Después de viajar durante tres días llegaron a Moriah. Abraham les dijo a sus sirvientes que esperasen allí con el asno. Le dio la leña a Isaac, y él cargó el cuchillo y los carbones encendidos para prender el fuego del sacrificio.
Mientras caminaban, Isaac le preguntó a su padre, "Aquí están el fuego y la leña, pero ¿donde está la oveja para el sacrificio?"
Abraham respondió, “Dios suministrará la oveja para el sacrificio, hijo mío.” Ambos continuaron caminando en silencio.
Cuando llegaron al sitio que Dios había indicado, Abraham construyó un altar, y, con todo cuidado, colocó allí la leña. Luego amarró a Isaac y lo puso encima del altar. Alzó el cuchillo para matar al muchacho, cuando, de repente, un ángel lo llamó desde el cielo, “Abraham, Abraham.”
"Heme aquí", contestó Abraham.
"No levantes tu mano contra el muchacho ni le hagas nada. Ahora sé que temes a Dios porque no le rehusaste tu hijo, tu único hijo", le dijo el ángel.
Abraham miró a su alrededor y vio un carnero cuyos cuernos estaban enganchados en un matorral. Fue hacia el animal, lo tomó y lo sacrificó sobre el altar en vez de su hijo.

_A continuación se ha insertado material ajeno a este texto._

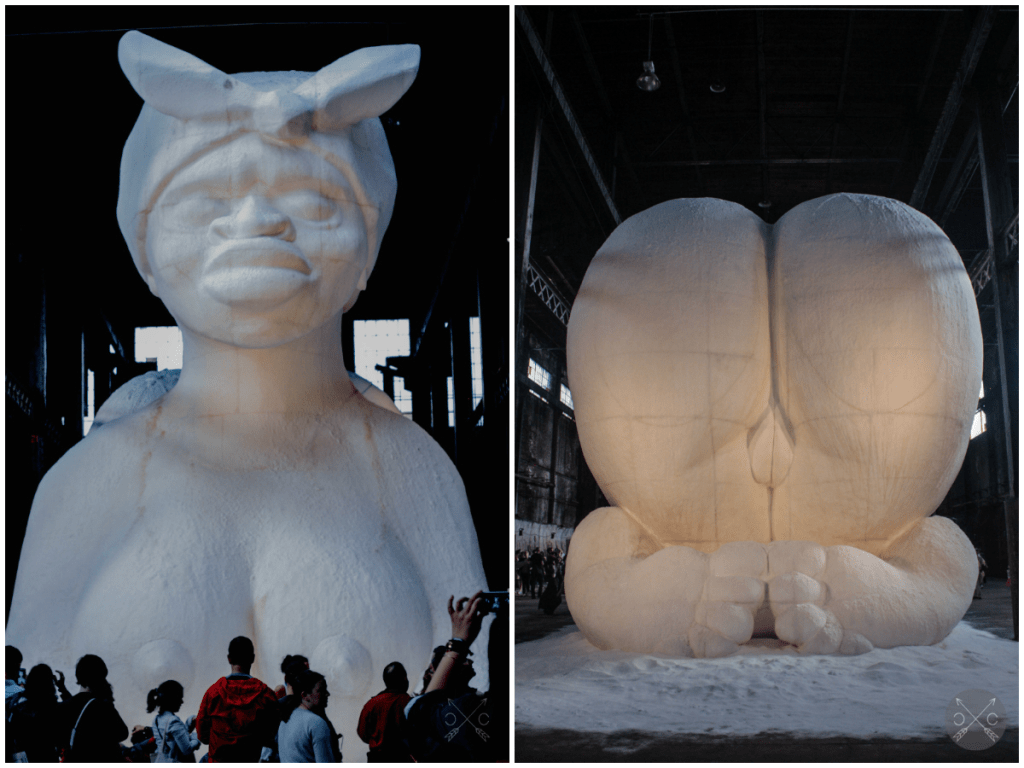 Una sutileza de Kara Walker (2014): esta instalación monumental en Nueva York, una esfinge de azúcar, denuncia la esclavitud y el colonialismo, vinculándolos con la explotación en la producción azucarera.

El ángel le habló a Abraham por segunda vez, "Por mi mismo he jurado, dice el SEÑOR, otorgarte mi bendición, ya que tu has hecho esto y no me has rehusado tu hijo, tu único hijo. Tus descendientes serán tan numerosos como las estrellas en el firmamento y la arena que está en la orilla del mar. Tus descendientes poseerán las puertas de sus enemigos, y todas las naciones del mundo serán benditas por tus descendientes, porque tú has obedecido mi orden."
Abraham e Isaac regresaron al lugar donde habían dejado a los sirvientes, y retornaron a Beersheba.

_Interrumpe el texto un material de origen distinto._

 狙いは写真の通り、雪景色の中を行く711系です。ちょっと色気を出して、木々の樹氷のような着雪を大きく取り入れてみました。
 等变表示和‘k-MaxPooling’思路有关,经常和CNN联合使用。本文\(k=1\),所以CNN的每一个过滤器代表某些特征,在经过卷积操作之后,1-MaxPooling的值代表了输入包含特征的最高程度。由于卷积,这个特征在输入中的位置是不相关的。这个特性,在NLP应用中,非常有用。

Sarah murió en Hebrón a la edad de ciento veintisiete años. Abraham le compró a Efrón el hitita la cueva de Majpeláh, en las afueras de Hebrón, por cuatrocientos monedas de plata. Allí enterró a Sarah.

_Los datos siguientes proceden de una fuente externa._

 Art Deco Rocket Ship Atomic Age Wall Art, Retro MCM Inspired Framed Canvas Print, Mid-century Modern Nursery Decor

Isaac tenía cuarenta años y seguía soltero, Abraham, ya anciano, consideró que había llegado el momento de conseguirle novia. Como no quería que su hijo se case con alguna mujer canaanita, le pidió a Eliezer, su fiel mayordomo, que jurase solemnemente que no conseguiría una mujer canaanita para Isaac, y lo envió a Harán, donde vivían sus parientes, con instrucciones de traer de allí una novia para su hijo.
El mayordomo regresó con Rebeca, hija de Betuel y nieta de Najor, el hermano de Abraham. Isaac se casó con ella, y Rebeca fue un gran consuelo para él después de la muerte de su madre.
Abraham, después de enviudar, se casó con una mujer llamada Keturah. Con ella tuvo seis hijos: Zimrán, Yakshán, Medán, Midián, Yishbak, y Shuaj pero Isaac continuó siendo el único heredero legal.
Abraham murió a la edad de ciento setenta y cinco años. Sus hijos Isaac e Ismael lo enterraron en la cueva de Majpeláh, en Hebrón, al lado de Sarah.